Uncertainty Estimation of Large Language Models in Medical Question Answering
Jiaxin Wu, Yizhou Yu, Hong-Yu Zhou
TL;DR
This work addresses uncertainty estimation for large language models in medical question answering, where hallucinations pose critical safety risks. It evaluates existing UE approaches (entropy-based, self-assessment, external tools) and introduces Two-phase Verification, a probability-free pipeline that uses step-wise explanations, verification questions, and cross-checks to detect inconsistencies. Across three biomedical datasets and two model sizes, Two-phase Verification yields the strongest and most stable uncertainty signals, and its performance scales with model size.

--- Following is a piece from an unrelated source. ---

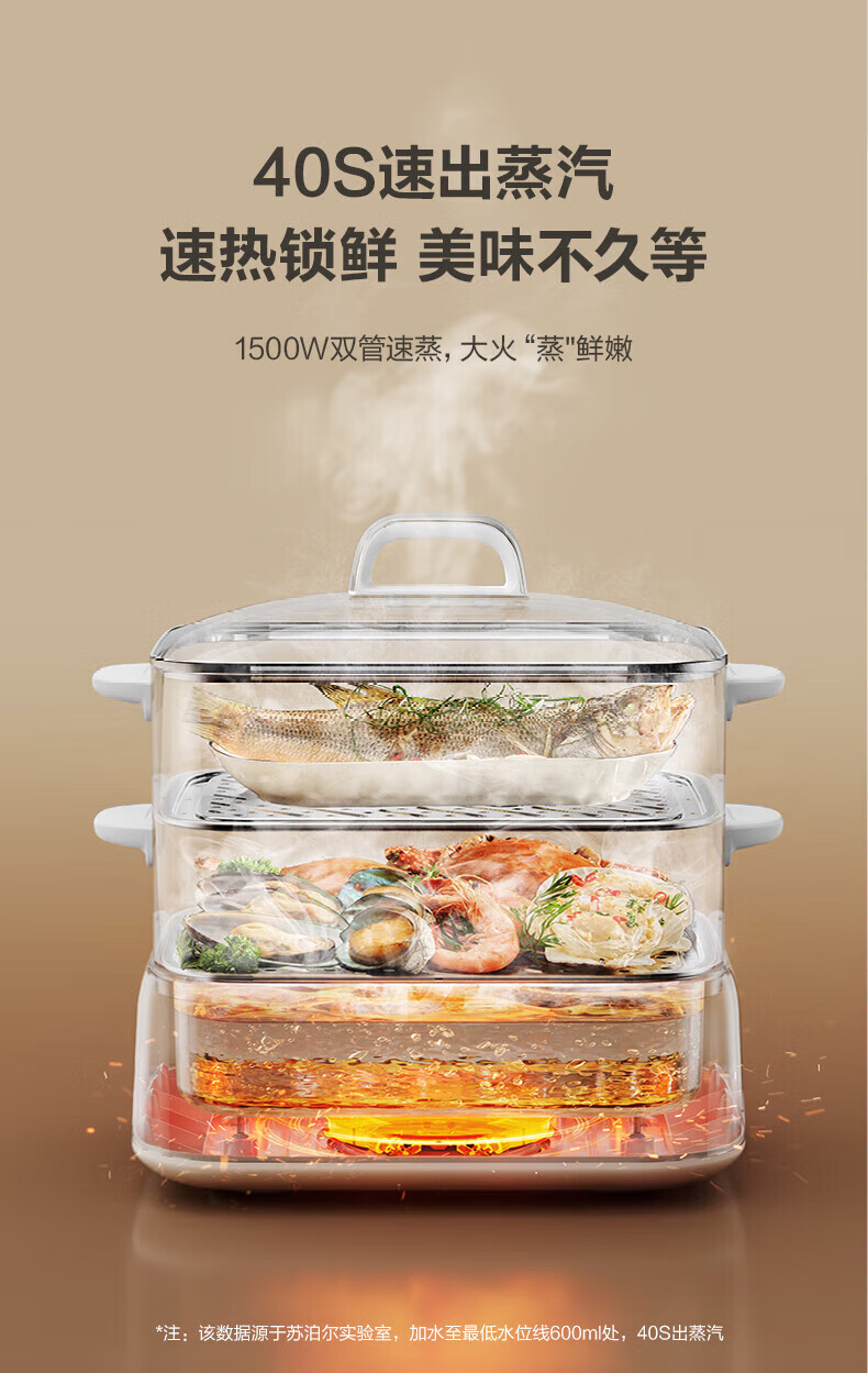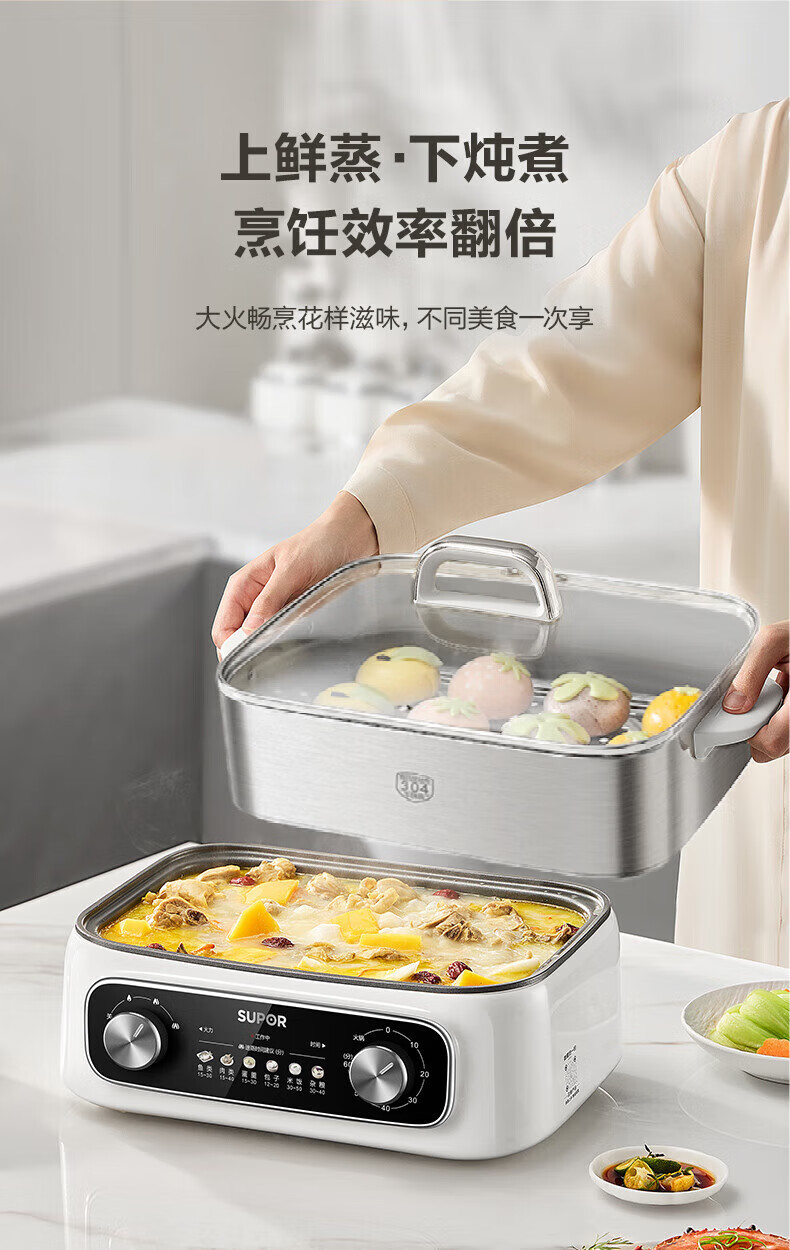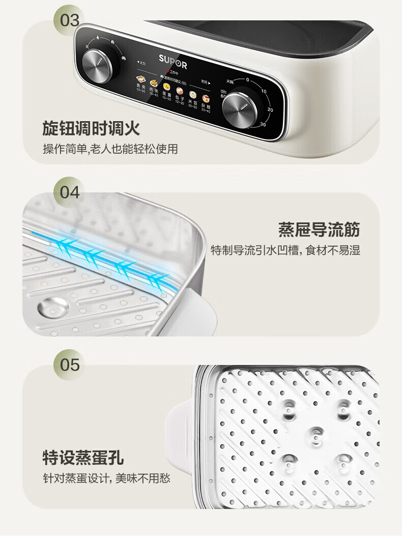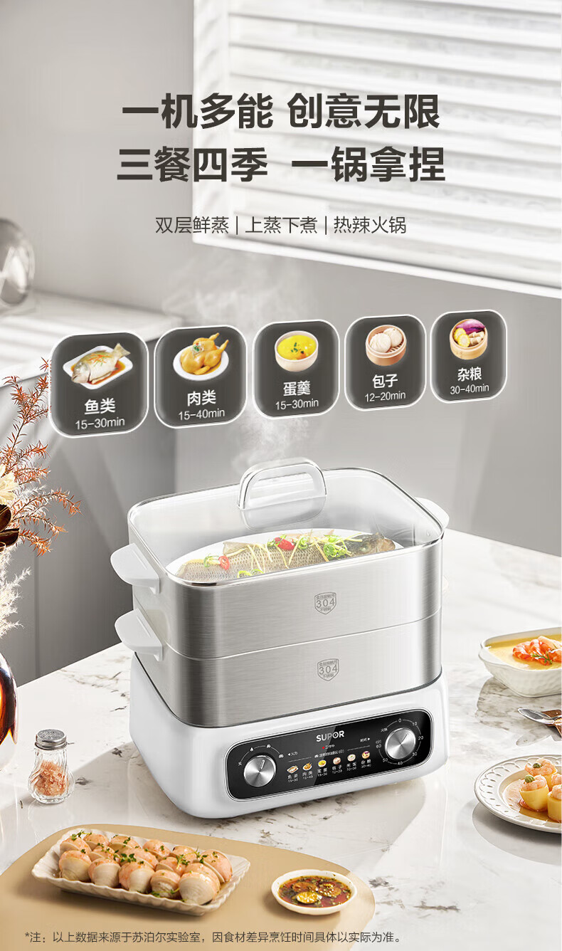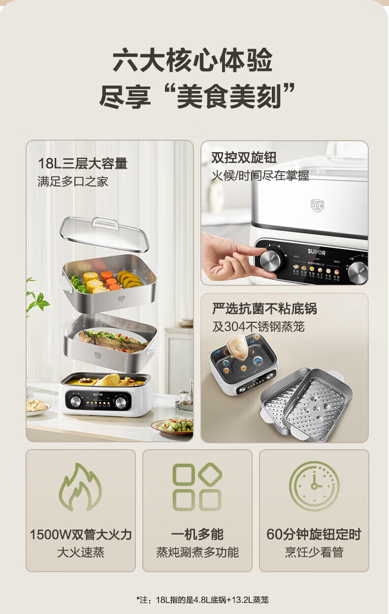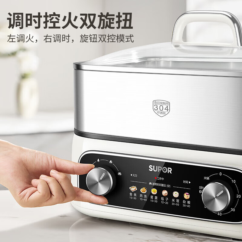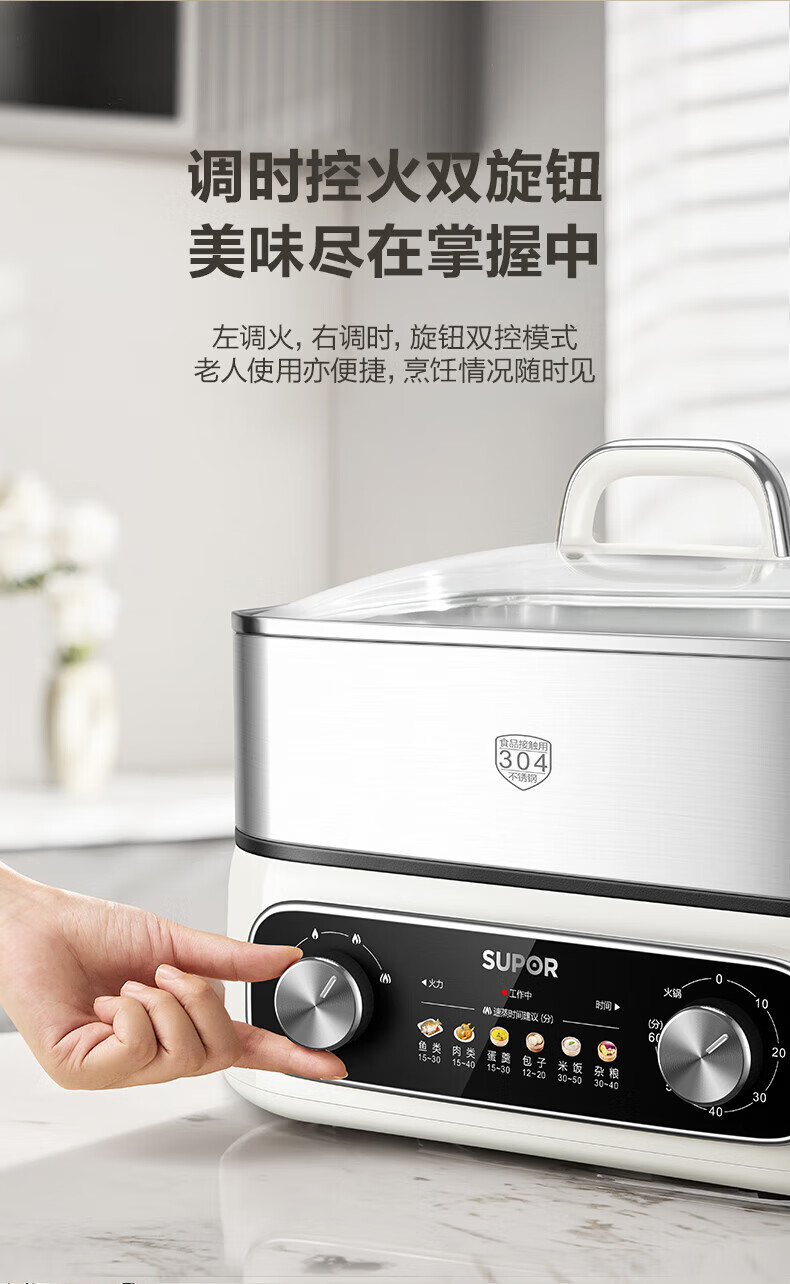 速出蒸汽;双控双旋钮;蒸炖涮煮多功能

The approach holds promise for safer deployment of LLMs in high-stakes medical contexts, though it also highlights limitations in verification question generation and domain knowledge integration that warrant further research.
Abstract
Large Language Models (LLMs) show promise for natural language generation in healthcare, but risk hallucinating factually incorrect information. Deploying LLMs for medical question answering necessitates reliable uncertainty estimation (UE) methods to detect hallucinations. In this work, we benchmark popular UE methods with different model sizes on medical question-answering datasets. Our results show that current approaches generally perform poorly in this domain, highlighting the challenge of UE for medical applications. We also observe that larger models tend to yield better results, suggesting a correlation between model size and the reliability of UE. To address these challenges, we propose Two-phase Verification, a probability-free Uncertainty Estimation approach. First, an LLM generates a step-by-step explanation alongside its initial answer, followed by formulating verification questions to check the factual claims in the explanation. The model then answers these questions twice: first independently, and then referencing the explanation. Inconsistencies between the two sets of answers measure the uncertainty in the original response. We evaluate our approach on three biomedical question-answering datasets using Llama 2 Chat models and compare it against the benchmarked baseline methods. The results show that our Two-phase Verification method achieves the best overall accuracy and stability across various datasets and model sizes, and its performance scales as the model size increases.